The tender offer is being transacted through Envoy Merger Corporation, a wholly owned subsidiary of EMC formed for the purpose of making the offer. Approximately 174,645 shares of Data Domain common stock, representing approximately 0.28% of the common stock outstanding, have been tendered as of 3:30 p.m. EDT on June 26, 2009.

Important Information about the Tender Offer

This press release is neither an offer to purchase nor a solicitation of an offer to sell shares of Data Domain, Inc.  EMC Corporation and Envoy Merger Corporation have filed with the SEC a tender offer statement on Schedule TO containing an offer to purchase, forms of letters of transmittal and other documents relating to the tender offer, and these documents have been mailed to the stockholders of Data Domain, Inc. These documents contain important information about the tender offer and stockholders of Data Domain, Inc. are urged to read them. Investors and stockholders of Data Domain, Inc. are able to obtain a free copy of these documents and other documents filed by EMC Corporation and Envoy Merger Corporation with the SEC at the website maintained by the SEC at www.sec.gov. In addition, the tender offer statement and related materials may be obtained for free by directing such requests to EMC Corporation at Attention: Office of the General Counsel, 176 South Street, Hopkinton, MA 01748.

About EMC

EMC Corporation (NYSE: EMC) is the world's leading developer and provider of information infrastructure technology and solutions that enable organizations of all sizes to transform the way they compete and create value from their information. Information about EMC's products and services can be found at www.EMC.com.

Press Contacts

Dave Farmer
508-293-7206
farmer_dave@emc.com

EMC is a registered trademark of EMC Corporation. All other trademarks used are the property of their respective owners.

Forward-Looking Statements

This release contains "forward-looking statements" as defined under the Federal Securities Laws.
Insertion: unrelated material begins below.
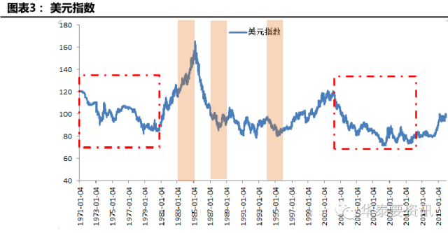 1973-1982年,2002年-2011年,两轮基本金属大牛市都对应了美元指数的单边下行。

Actual results could differ materially from those projected in the forward-looking statements as a result of certain risk factors, including but not limited to: (i) adverse changes in general economic or market conditions; (ii) delays or reductions in information technology spending; (iii) our ability to protect our proprietary technology; (iv) risks associated with managing the growth of our business, including risks associated with acquisitions and investments and the challenges and costs of integration, restructuring and achieving anticipated synergies; (v) fluctuations in VMware, Inc.’s operating results and risks associated with trading of VMware stock; (vi) competitive factors, including but not limited to pricing pressures and new product introductions; (vii) the relative and varying rates of product price and component cost declines and the volume and mixture of product and services revenues; (viii) component and product quality and availability; (ix) the transition to new products, the uncertainty of customer acceptance of new product offerings and rapid technological and market change; (x) insufficient, excess or obsolete inventory; (xi) war or acts of terrorism; (xii) the ability to attract and retain highly qualified employees; (xiii) fluctuating currency exchange rates; (xiv) litigation that we may be involved in; and (xv) other one-time events and other important factors disclosed previously and from time to time in EMC’s filings with the U.S. Securities and Exchange Commission. These statements are forward-looking, and actual results may differ materially. EMC disclaims any obligation to update any forward-looking statements in this release after the date of this release.